Pasada la una y media de la madrugada del martes, nada más desembarcar, más pálida aún de lo habitual, Martina de Santo se había dirigido al destacamento de la Guardia Civil de Portocristo, que quedaba cerca del muelle.
En medio de la oscura noche, la subinspectora rompió a caminar con paso vivo, celebrando que la brisa de la bahía la fuera despejando de las claustrofóbicas horas sufridas a bordo, con el incesante vaivén del casco y los relámpagos rasgando la penumbra de su camarote a través de un ojo de buey.
De una sola planta, el acuartelamiento se levantaba en medio de un tétrico arenal, sobre un plafón de cemento crudo. A su alrededor, las dunas, tapizadas de jirones de niebla, modulaban un espectral paisaje nocturno.

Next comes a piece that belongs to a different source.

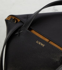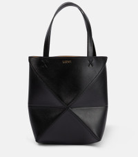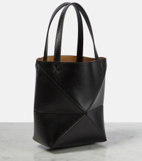 Drawing inspiration from the silhouette of Loewe’s most iconic bag, the Puzzle Fold Mini combines geometric paneling with flexibility. This versatile tote bag is carefully crafted in Spain from leather and folds completely flat into a square with one simple gesture. Carry yours over the shoulder or across the body with the detachable strap. Product Details - Detachable, adjustable shoulder strap, Top handles - Made in Italy - Designer color name: Black - Comes with dust bag - Material: leather - Internal details: suede lining - Closure: open top - Item number: P00821402 Size & Fit - Height 20cm-8" - Width 16,5cm-6.5" - Depth 9,5cm-3.5" - Length of handles 33cm-13" - Min. length shoulder strap 89cm-35" - Max. length shoulder strap 117cm-46"

La subinspectora entró al patio del cuartel. Un Land Rover cubierto de barro estaba aparcado junto a una galera cuyo caballo permanecía atado de las riendas a un poste de luz eléctrica. Detrás del acuartelamiento se erguía un pequeño y feo bloque de viviendas, con la pintura descascarillada por la humedad y ropas tendidas a secar. Martina supuso que debía albergar a las familias de los guardias, aislándolas de la población. En medio de ambas construcciones, decorado por un ralo jardín, se erguía un mástil con la bandera de España.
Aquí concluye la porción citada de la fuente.